Ayurvedic plants such as Citrus sinensis (sweet orange) and Punica granatum (pomegranate) have been used for their therapeutic properties in traditional Indian medicine. The study was conducted to asses the antimicrobial activity of chloroform and methanol extracts of Citrus sinensis (sweet orange) and Punica granatum (pomegranate) peel against various bacterial and fungal strains. The peels were collected and subjected to extraction using organic solvents. The extracts were then analyzed for phytochemical composition using qualitative screening methods. The results revealed the presence of several bioactive compounds such as coumarins, quinones, flavanones, phenols, alkaloids, flavonoids, saponins, steroids, terpenoids, and tannins in both the chloroform and methanol extracts of Citrus sinensis peel. Punica granatum peel extracts also showed similar phytochemical composition, except for the absence of cardiac glycosides in the methanol extract. The antimicrobial activity of the extracts was evaluated against various bacterial and fungal strains using the agar well diffusion method. The chloroform extract of Citrus sinensis peel exhibited significant activity against S. agalactiae, S. aureus, P. aeruginosa, S. enterica, and A. niger.

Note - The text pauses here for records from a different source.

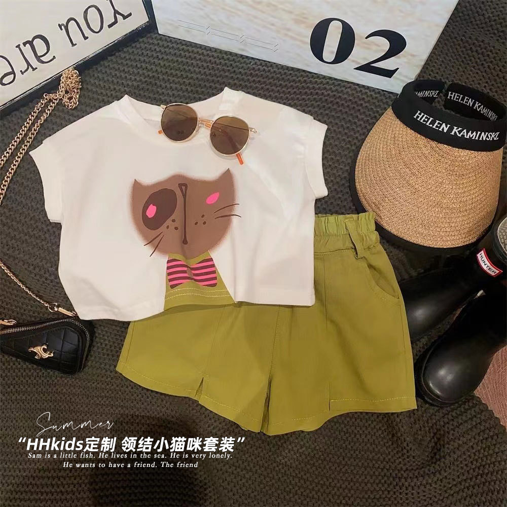 新品女童套装猫咪印花蝙蝠衫压褶短裤两件套2025夏装宽松纯棉休闲
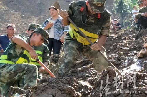 當救援分隊到達石板寨村後,映入眼簾的是一片狼藉,官兵們一個個握緊拳頭,按照之前路上的分工,分頭開始了救援工作。老兵杜崢是負責轉移受災群眾的其中一員,他平時比較內向,與戰友説話也不太多,但這次完全就像變了一個人。“大爺當心,這邊走”、“大媽小心那邊會陷進去”、“小朋友,來我牽着你走”一句句叮囑、一次次幫扶,完全看不出來他是往日那個話少內向的杜崢。
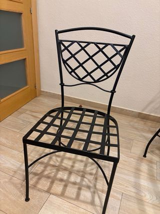 Conjunto de sillas de comedor con estructura de metal negro y asiento acolchado. - Diseño elegante con respaldo de reja. - Cojín de asiento en color crudo.
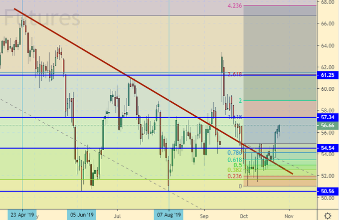 Сценарий роста: рассматриваем декабрьский фьючерс, дата экспирации 20 ноября. Прошли выше 55.00. Выше 59.00 вылететь не должны. Более реально выглядит максимум на 58.00, после чего может начаться очередная затяжная волна падения цен.
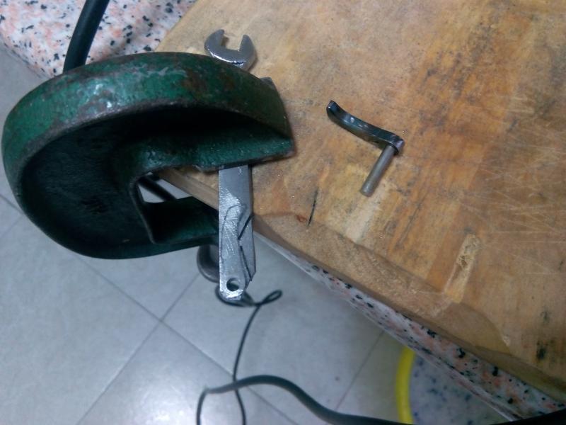 - taladrar, usando broca para acero y un taladro de los de toda la vida, y pulir el interior del taladro. Hay que tener mucho cuidado y práctica para que el taladro sea perpendicular a las caras planas de la pieza
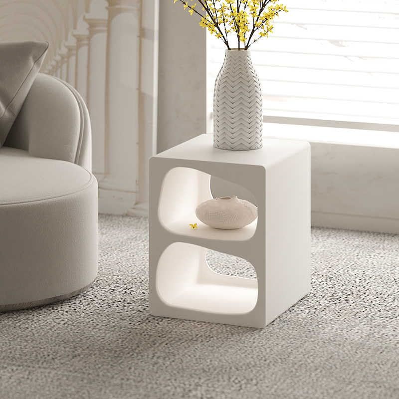 Modern Sculptural Side Table, White Irregular Geometric Nightstand for Living Ro
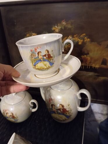 Çoxu təzədi, təcili satılır. Porselen çay və süfrə dəstləri – bir neçə fərqli model və kolleksiya: - Klassik çiçək naxışlı və qızılı haşiyəli çay servisləri: çaydan, südqabı, şəkərqabı, fincan-nəl...
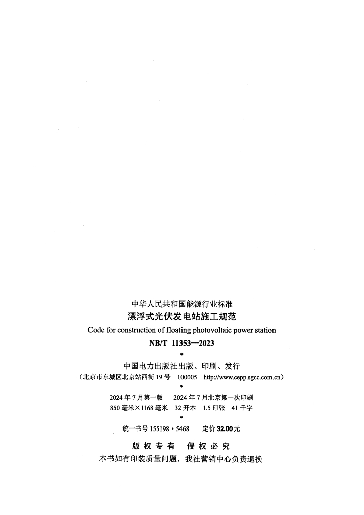 NB/T 11353-2023 漂浮式光伏发电站施工规范
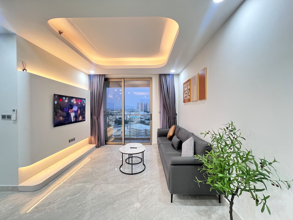 A stylish & comfortable apartment 85m2 at Hung Phuc Happy Residence Premier located in the heart of district 7, Phu My Hung, with just a short walk to all the best shops, restaurants, and conveniences. Nearest bus stop in front. Highly educated and quite neighbors that surrounded by green parks and beautiful villas. Decorated in modern Japandi x Wabi sabi style with a focus on natural materials & clean lines. A great getaway or even staycation for those who want to experience new things.
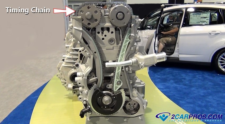 A tensioner is used to keep the slack out of the timing chain or belt which is necessary to hold the chain or belt from jumping time while the engine is running. The timing chain or belt is driven at the crankshaft using a drive gear near the front main seal and harmonic balancer.
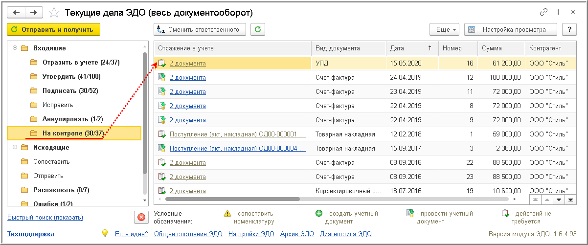 До момента получения этих служебных документов в списке "Текущие дела ЭДО" электронный УПД (информация покупателя) будет размещаться в папке "На контроле" списка входящих документов (рис. 11).
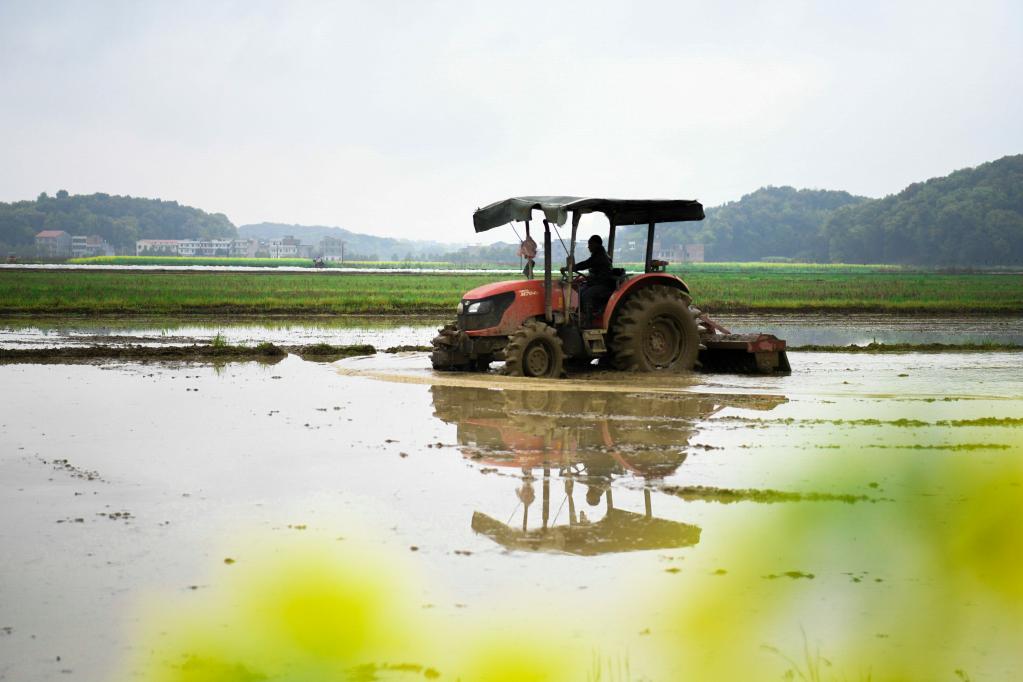 3月23日,在湖南省常宁市三角塘镇江南村,村民驾驶农机在整理早稻秧田。新华社发(周秀鱼春 摄)
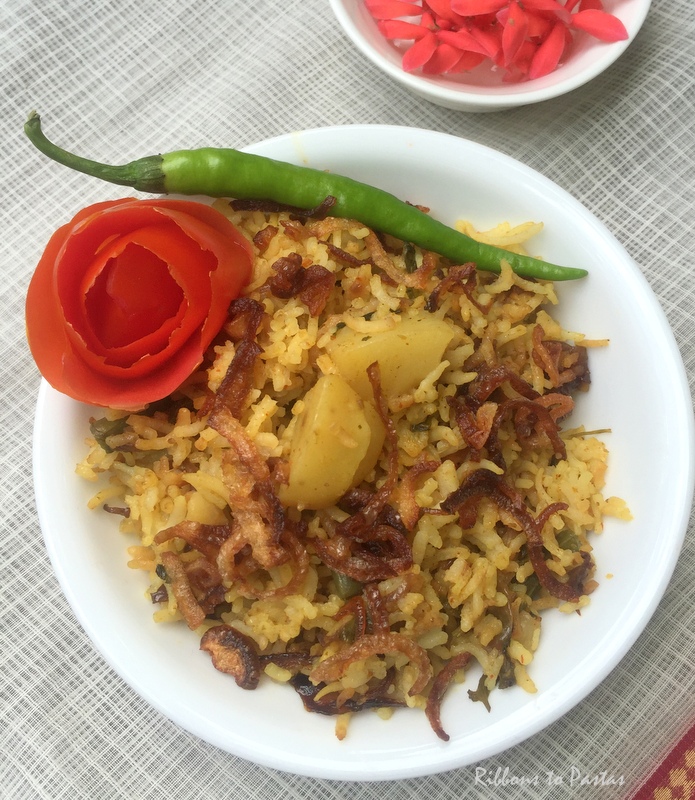 For the second day under pick an ingredient and make three courses, I have a rice dish. This is a Hyderabadi Biryani which I served for the Hyderabadi Cuisine that I had posted some time back.
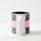Reizende Schwarzweiss-Damast-Tasse mit einem rosa Streifen in der Mitte für den Text. Fertigen Sie mit Ihren Namen besonders an und Hochzeitsdatum für ein großes kleines danken Ihnen Geschenk oder für selbst zu verwenden. Groß zum wedding Frühstücke.
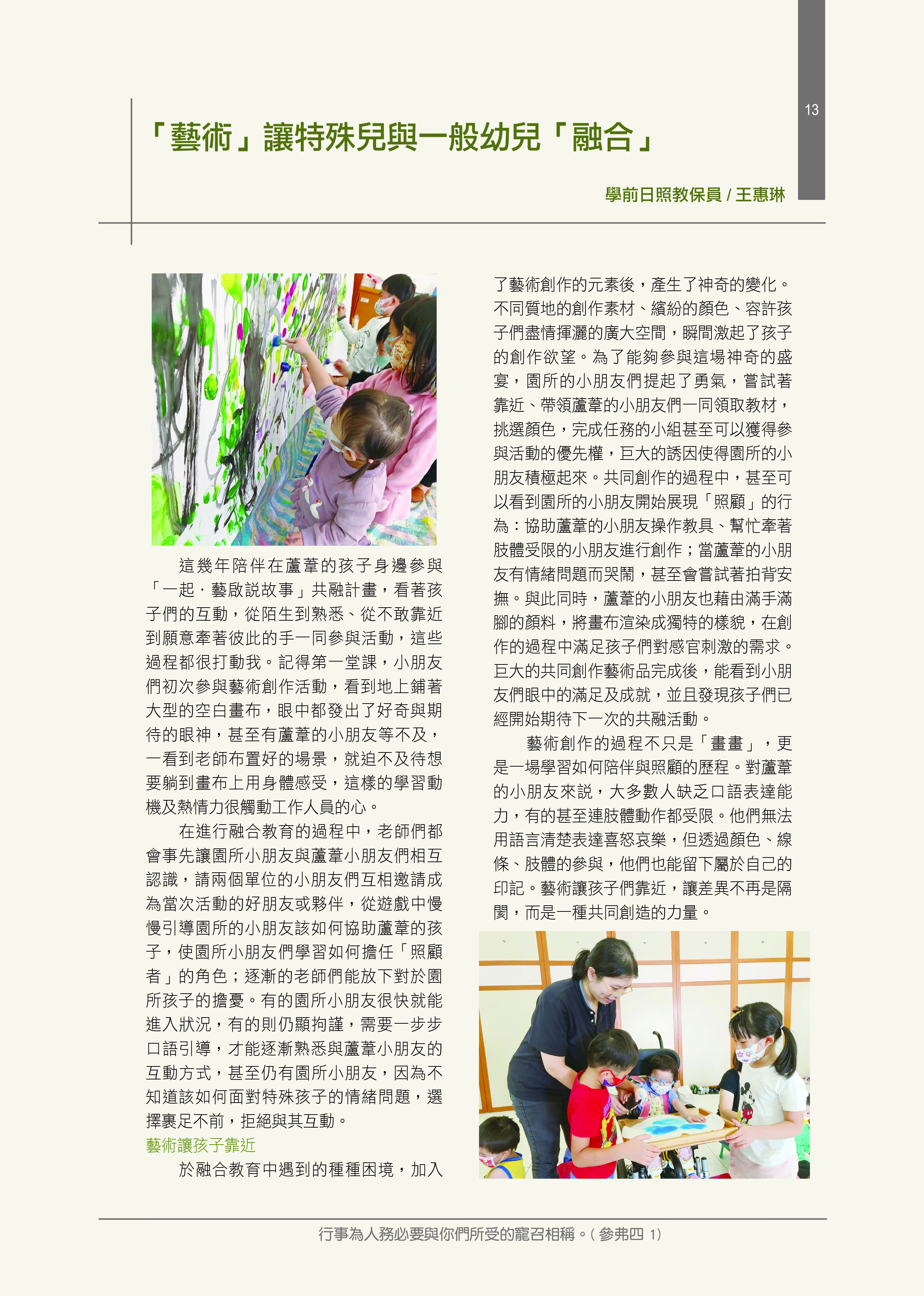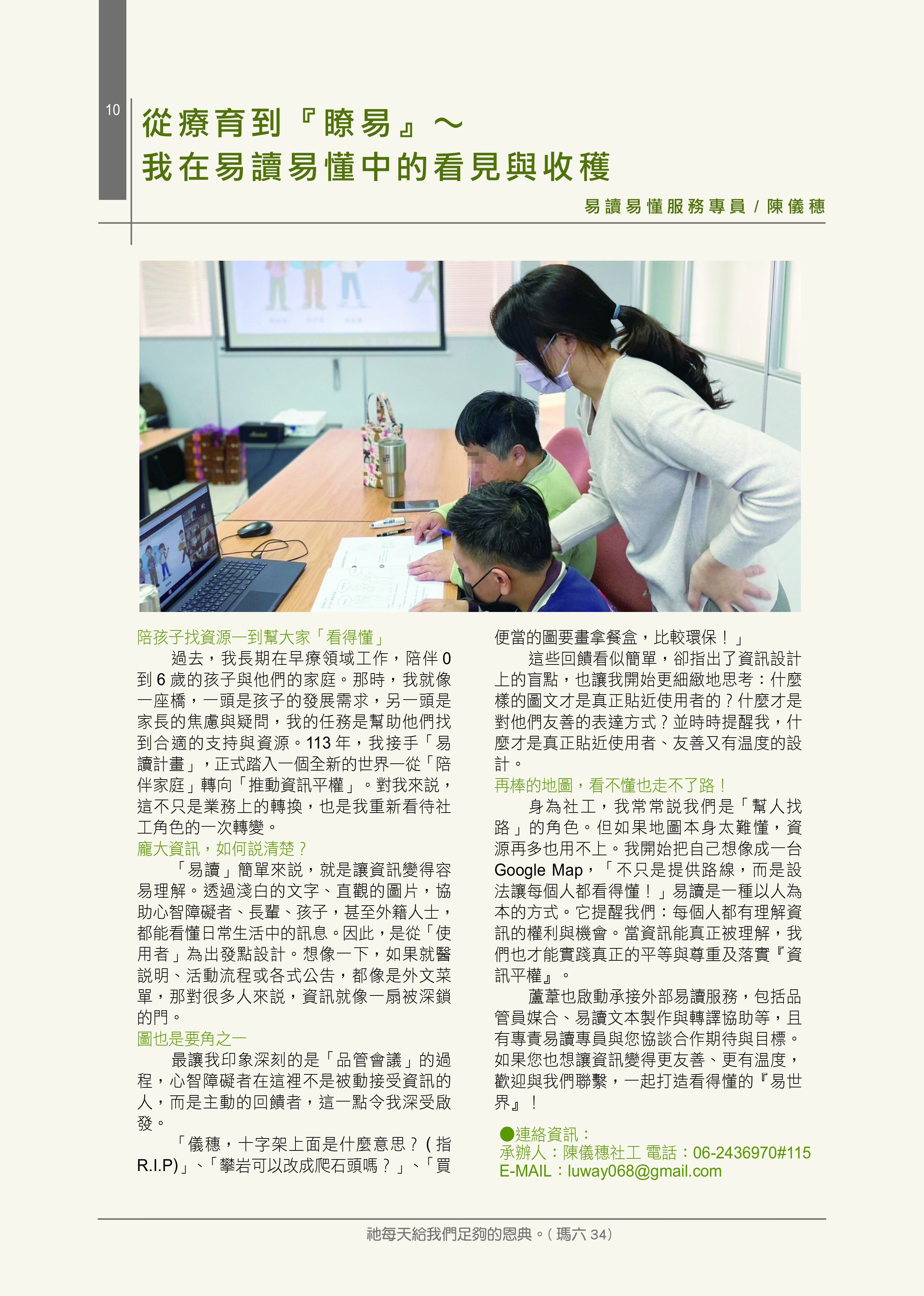 財團法人天主教 臺南市私立蘆葦啟智中心
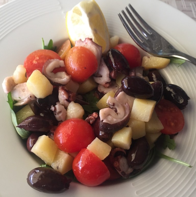 Kurzerhand betrete ich die Trattoria Povoledo. Ich bestelle einen gemischten Gemüsesalat mit gekochtem Tintenfisch, Wasser und einen Viertel Rotwein. Hhmmm, herrlich mundet es mir, während ich den Schiffsverkehr auf dem grossen Kanal beobachte.
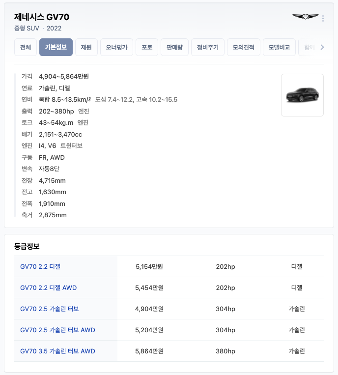 GV70의 기본 가격은 4,904만원입니다. 옵션을 추가하면 가격이 상승합니다. 3.5T 풀옵션 모델은 최대 7,736만원까지 올라갈 수 있습니다. 가장 많이 팔리는 가격대는 5천만 원 후반에서 6천만 원 초반 사이로, 보통 2.5T 기본 트림에 일부 옵션이 포함되어 있습니다.
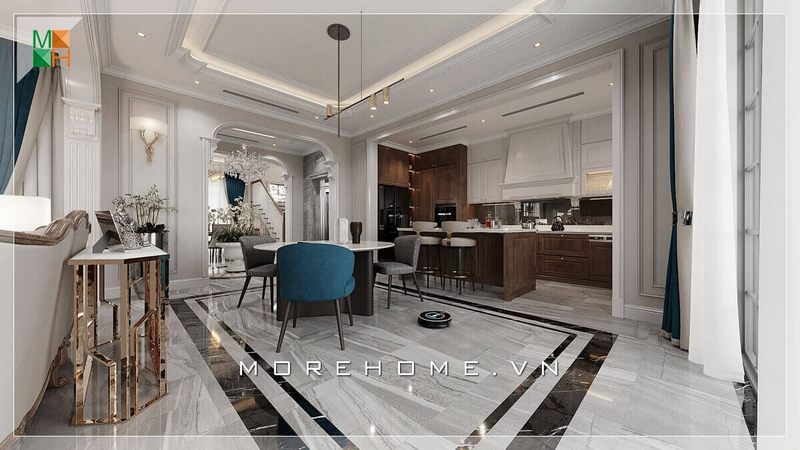 Biệt thự được thiết kế với không gian rộng mở, thông thoáng, phòng ăn và phòng bếp được liền kề nhau mà không cần sử dụng vách ngăn, tạo nên một không gian thoáng đãng và sang trọng.
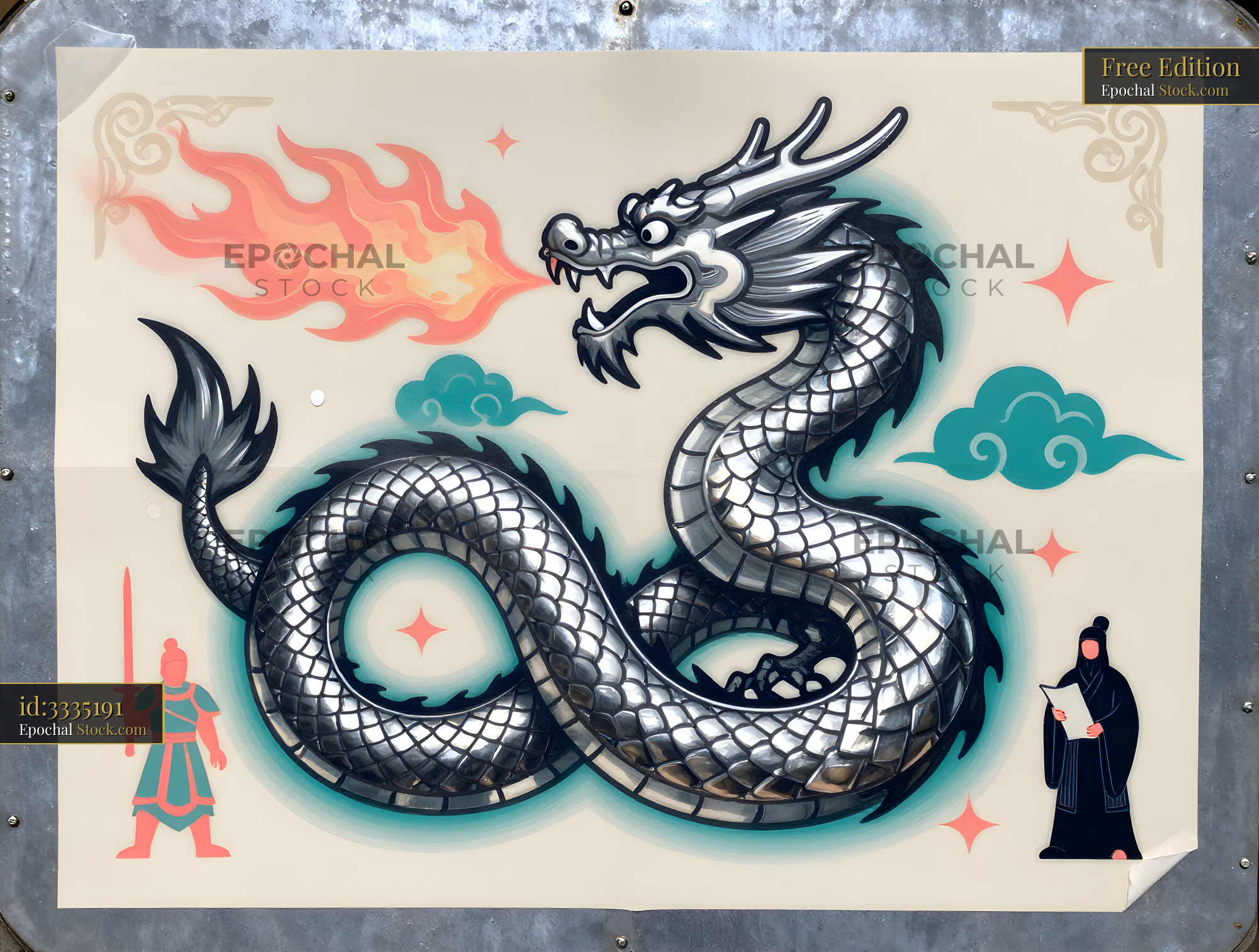 A silver dragon breathes fire among clouds on a wall. Two figures stand nearby, one with a sword and the other holding a scroll. The scene has bright colors and is located in a city area.
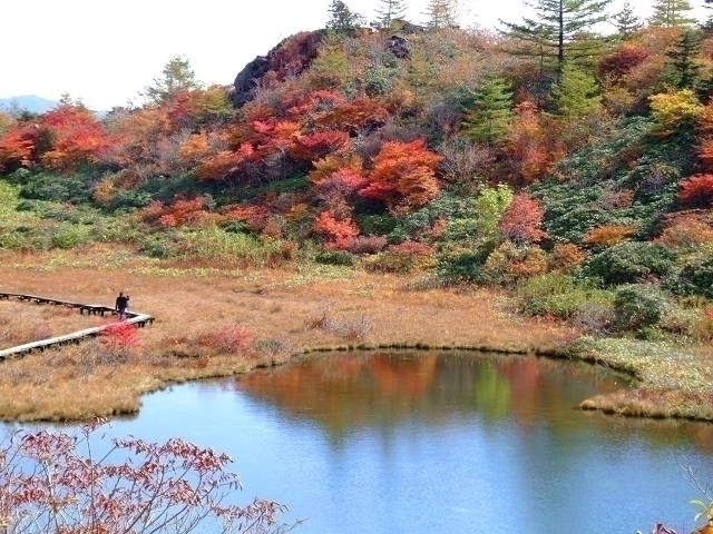 堂々とした山の姿と沼のたたずまいを彩る紅葉
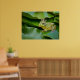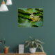 Digital vergrößerte Aufnahme eines Frosches mit einer Krone, sitzend auf einem Lilienpolster, umgeben von Lilienpolstern.
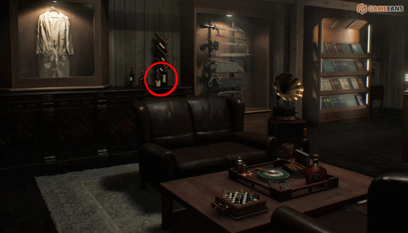 Далее подойдите к стойке с бутылками у левой стены и осмотрите бутылку вина. Поверните ее так, чтобы части рисунка совпали, затем раздвиньте конструкцию и получите модель двойной спирали.

The methanol extract of Citrus sinensis peel showed activity against E. aerogenes and A. chroococcum. The chloroform extract of Punica granatum peel displayed activity against S. aureus, E. aerogenes, P.aeruginosa, and S. agalactiae, while the methanol extract exhibited activity against S. agalactiae, S. aureus, P. aeruginosa, A. chroococcum, and E. aerogenes. Overall, both Citrus sinensis and Punica granatum peel extracts demonstrated antimicrobial activity against the tested strains, highlighting their potential as natural antimicrobial agents.